Ten years, man. Ten years in this other world, this other timeline. I still feel like there’s a world where 9/11 never happened, just on the other side of reality’s thin canvas; a world where Bush never won a second term, where the vicious excesses of the Noughties never happened. Or maybe they would have happened in a different way. Maybe they were inevitable. But the hopeful part of me thinks not; hopes that the bad craziness, the greed and paranoia of the last decade, was a reaction to the horror that properly kicked it off.

I still remember how it felt to stand in that casino surrounded by the flashing lights and chirping of the slot machines and be aware, in every cell of my body, that I might be standing in an execution chamber. It sounds dramatic in retrospect, but it didn’t feel dramatic at the time. If nothing else seemed real that day, that feeling of death rushing at me like a freight train felt real enough.

And maybe I wasn’t so wrong, at that.

Five of the nineteen hijackers were in Vegas before the attacks; in point of fact, they used Cyberzone, the cybercafe above my hangout Cafe Roma, as their base of communications. I know I must’ve sat next to them in Roma or Cyberzone, maybe said hi to them in passing. My friends certainly did; in the week after the attacks, the FBI swarmed Roma and took accounts from several people.

Ironically, at the time, most of my friends used Cyberzone to play multi-player games of Counterstrike; when you walked in there, amidst the digitized sounds of machine gun fire, you’d hear a voice announce whenever a round had ended: The terrorists have won. The terrorists have won.

I am convinced and have been since that day that their presence in Vegas wasn’t random or coincidental. And based on what I saw in the Stratosphere that day, I’ve always thought there was a fair-to-middling chance that the Feds found something up in that tower, and kept it quiet. Vegas relies on tourism, after all…and if tourists thought that jihadis were putting bombs in the casinos, this town would die a quick and excruciating death.

I don’t know. I don’t have any proof. And it doesn’t matter, ten years down the road, I guess. Trying to sort out the truth and the lies of 9/11 is a Herculean process that will engage historians for a hundred years. I don’t care about any of it, anymore.

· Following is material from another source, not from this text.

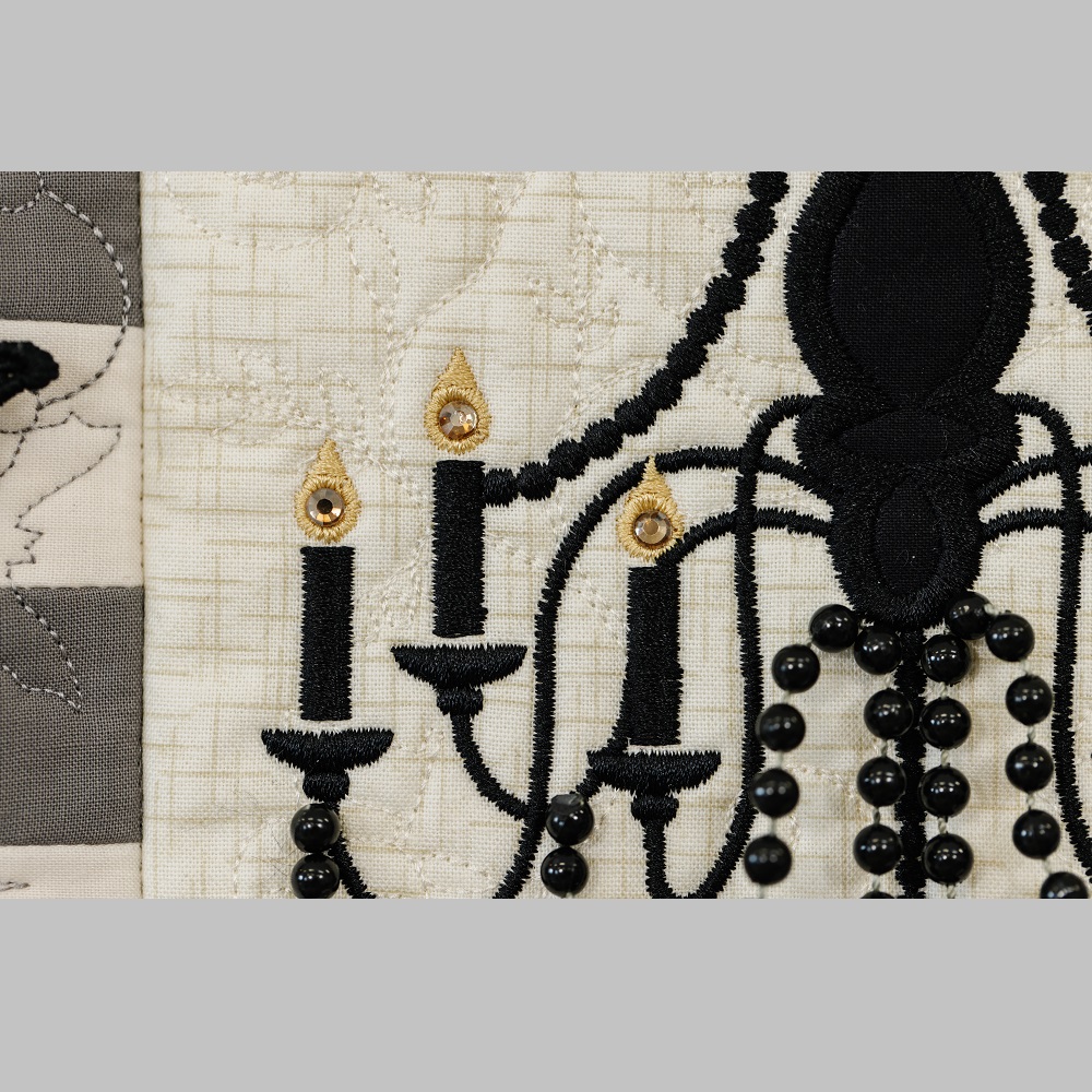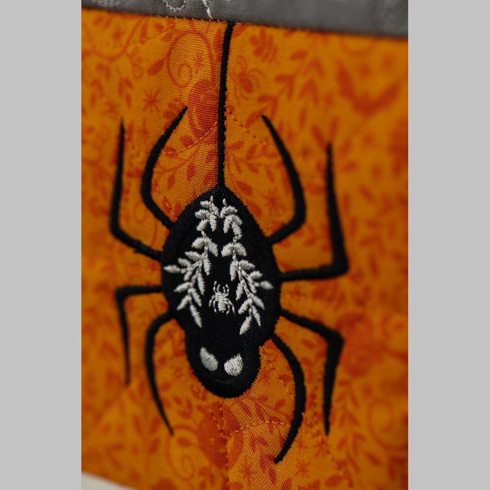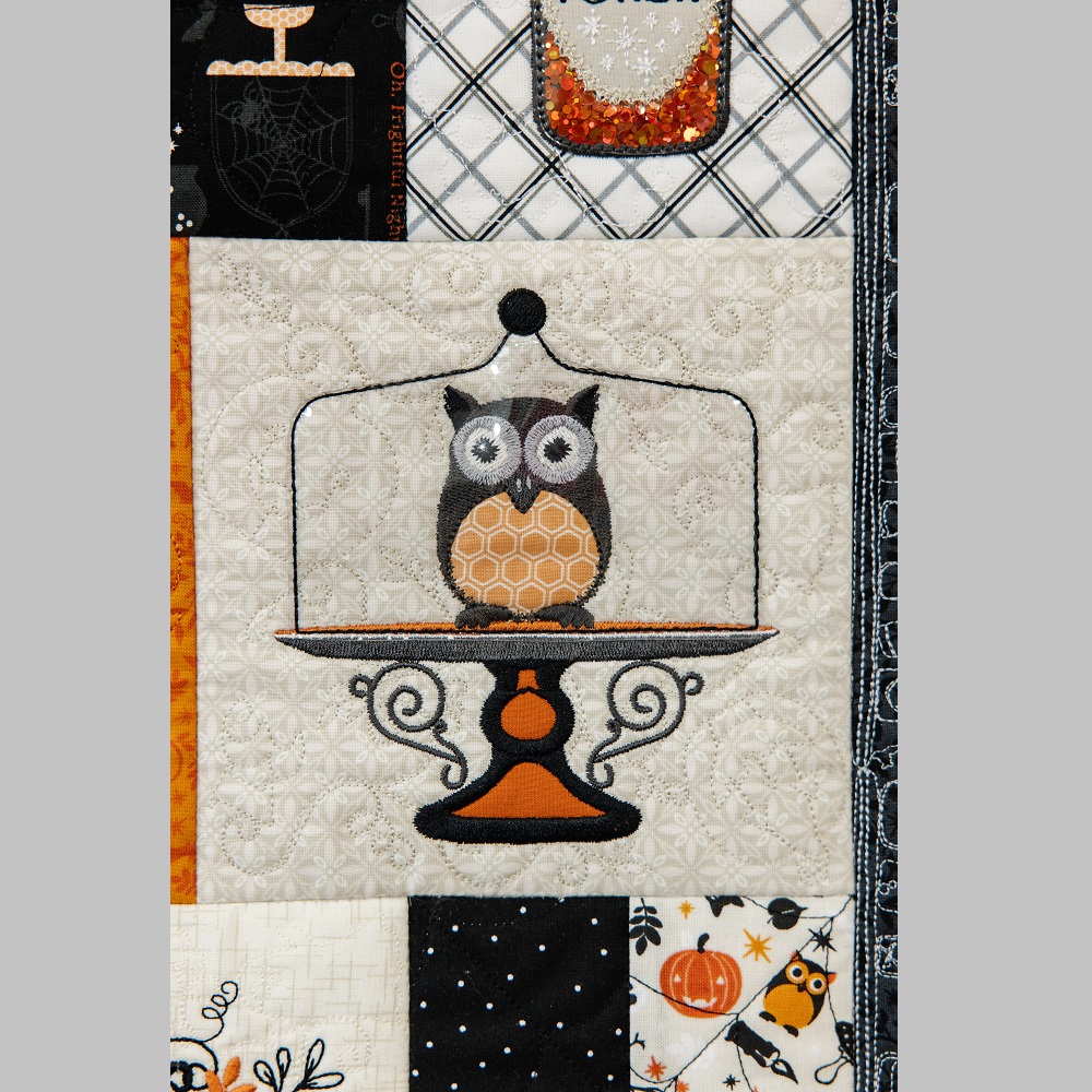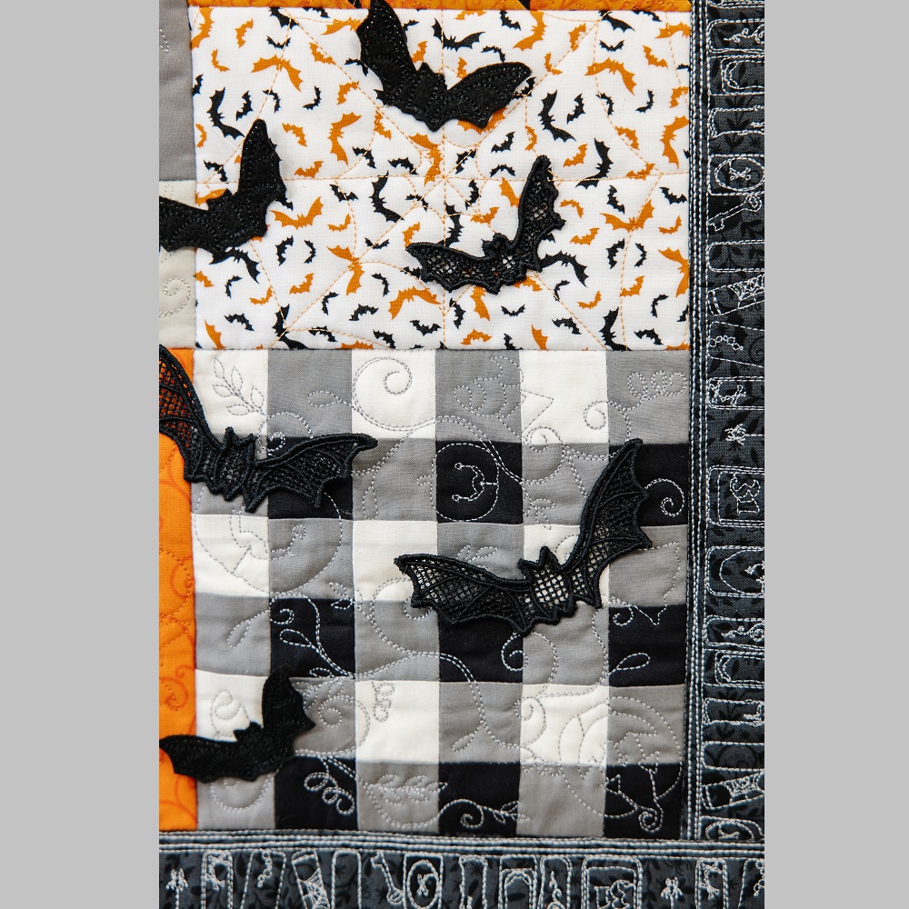 Come stitch a spell with Kimberbell’s Pumpkins & Potions Ladder Quilt! Our enchanting 20″ x 60” quilt features everything you love about Halloween, including ghosts, bats, spiders, and more. Piece plaid blocks in-the-hoop, create dimensional jars with clear vinyl, and adorn your quilt with rhinestones, fairy lights, and other bewitching embellishments! Each boo-tiful block is stitched in a 5″ x 7″ machine embroidery hoop with a variety of charming techniques. From candles and cobwebs to each spooky sentiment, our Pumpkins & Potions Ladder Quilt is sure to raise your “spirits!”

When I think of 9/11 now, I think of the people jumping. That’s what I remember. Because I can’t imagine making that choice. No, that’s not true, that’s not why I’m haunted; I’m haunted because I can imagine making it. And now, at 33, I can imagine it a lot better than I could at 23. I know more about death now. If 9/11 happened today, when I am a married man, when I have seen people die in front of me with my own eyes, I wouldn’t have gone into that casino. I would be too afraid.

And I’m lying, a bit here: the other memory I have of 9/11, the better memory, is of the days afterward, when we all seemed to pull together. I remember that feeling that, for once, we were all in this together, every American. It didn’t last — and as history has shown, it wasn’t really true even at the time — but it felt true. It felt real. It was hope in a dark moment, and it was important.

This week people are going to be waving the flag and the signs that say NEVER FORGET; as if we who lived through that day need those signs, as if we would or could forget it. We all live in the shadows of the Twin Towers now. Every time another American soldier falls in Iraq or Afghanistan, every time a bitter young man whose family died in our occupation slips into his first jihadi meeting, every time another one of our core freedoms is eroded in the name of some notional security, we are in that shadow, and I wonder how long it will be before we can ever get free.

And so, ten years on, the memory of 9/11 I choose to cling to is the memory of that togetherness. In the end, when foolish wars and dollar diplomacy fail, it is that and nothing else which may ultimately save us from the dark.